I thought the simplest way is that $\lvert\lvert v_n \rvert\rvert \rightarrow 0$ is the same as $\lvert \lvert v_n - 0 \rvert\rvert \rightarrow 0$, i.e. $v_n \rightarrow 0$.
EDIT 1: Let $v_n = a_1^ne_1 + \cdots + a_N^ne_N$. Then $\lvert\lvert v_n \rvert\rvert = \lvert\lvert \sum_{i=1}^N a_i^n e_i \rvert\rvert \leq \sum_{i=1}^N \lvert \lvert a_i^ne_i \rvert\rvert$ by the triangle inequality. Thus if $v_n \rightarrow 0$ component-wise, i.e. $a_i^n \rightarrow 0$, then $\lvert\lvert a_i^ne_i \rvert\rvert = \lvert a_i^n \rvert \lvert\lvert e_i \rvert\rvert \rightarrow 0$ and hence $\lvert \lvert v_n \rvert \rvert \rightarrow 0$, i.e. $v_n \rightarrow 0$ in norm.

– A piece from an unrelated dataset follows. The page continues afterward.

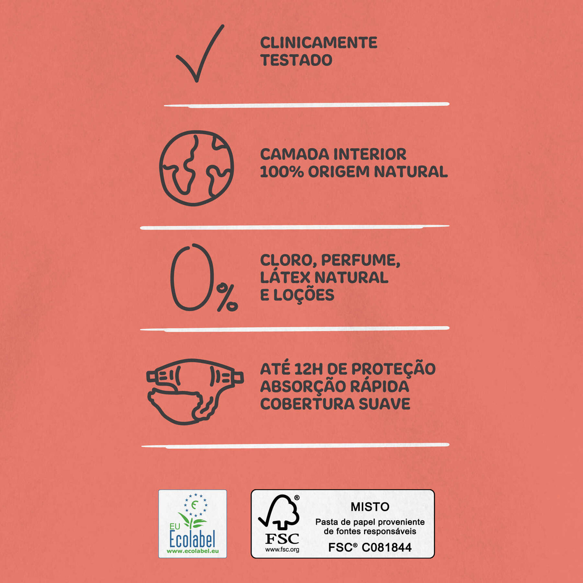 Estas fraldas são uma escolha consciente que ajuda a proteger o nosso planeta. Produzidas com materiais de origem natural tais como cana-de-açúcar, amido de milho, fibras de celulose de fontes renováveis e algodão orgânico. Produto testado dermatologicamente e recomendado por mães.
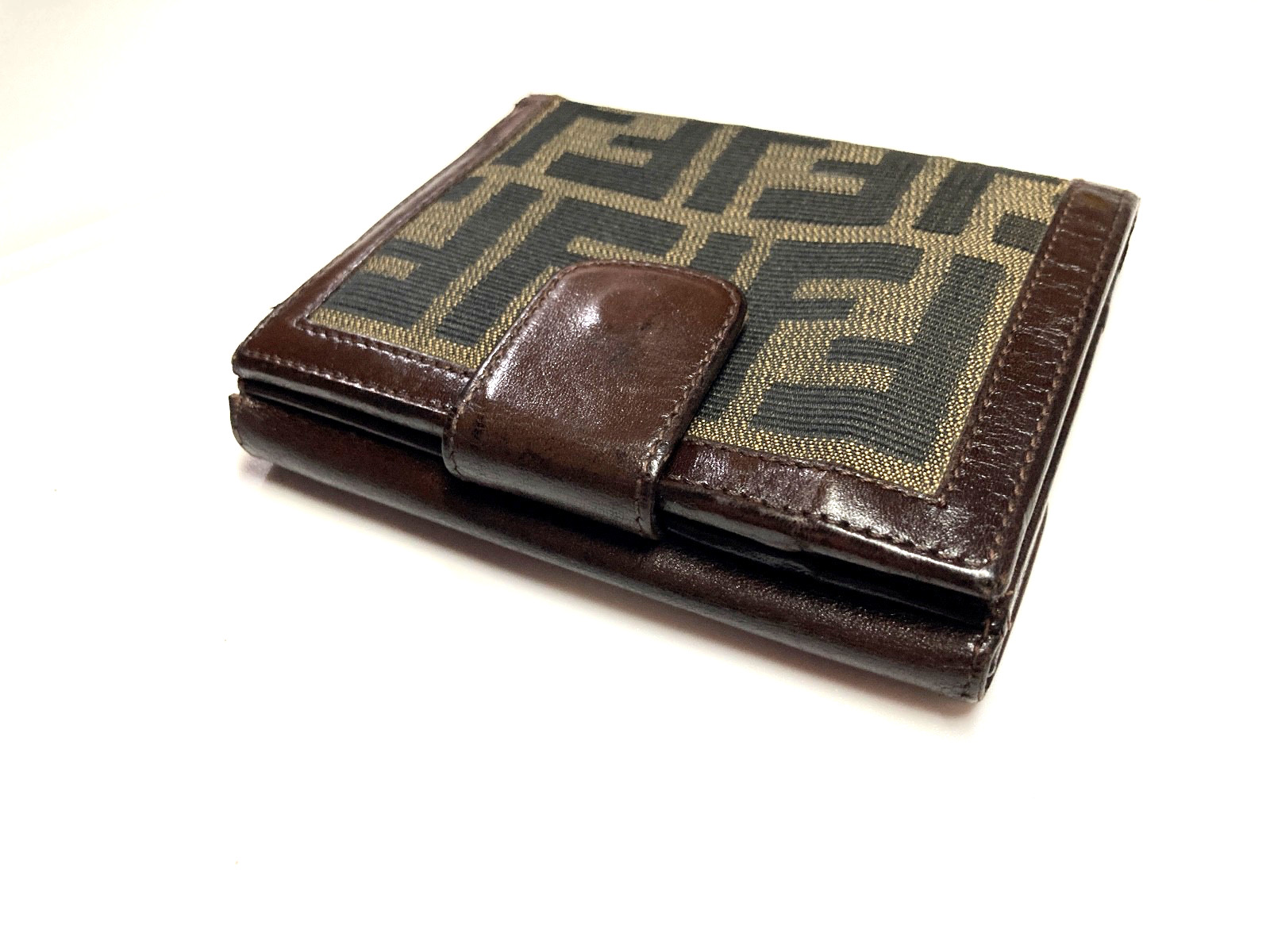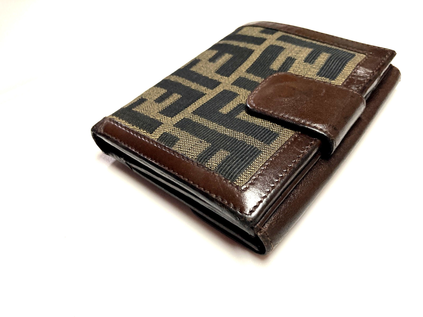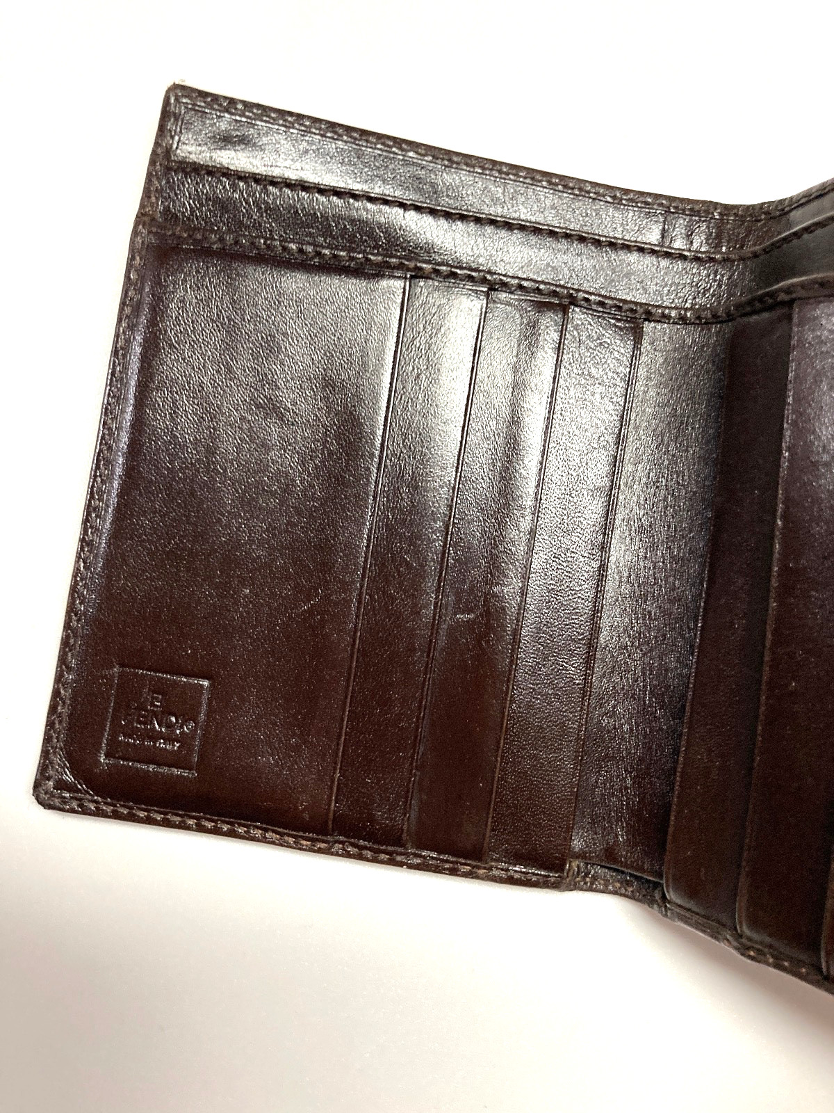 FENDI VINTAGE ZUCCA FF CANVAS LEATHER WALLET BIFOLD COIN CARD ITALY BROWN

On the other hand, if $v_n \rightarrow 0$ in norm but not all $a_i^n \rightarrow 0$, let $v = a_1e_1 + \cdots + a_Ne_N$ where $a_i = \lim_{n\to\infty} a_i^n$. Then $v$ is nonzero, since $(e_j)_{j=1}^N$ is a basis and at least one $a_i \neq 0$, and $\lvert \lvert v_n - v \rvert \rvert \leq \sum_{i=1}^N \lvert \lvert (a_i^n - a_i)e_i \rvert \rvert \rightarrow 0$ so $v_n \rightarrow v$, a contradiction since by continuity of the norm, $\lvert \lvert v_n \rvert \rvert \rightarrow \lvert \lvert v \rvert \rvert \neq 0$.
EDIT 2: The above assumes the limit exists, which may not be true. I'm not sure how to show the limit exists.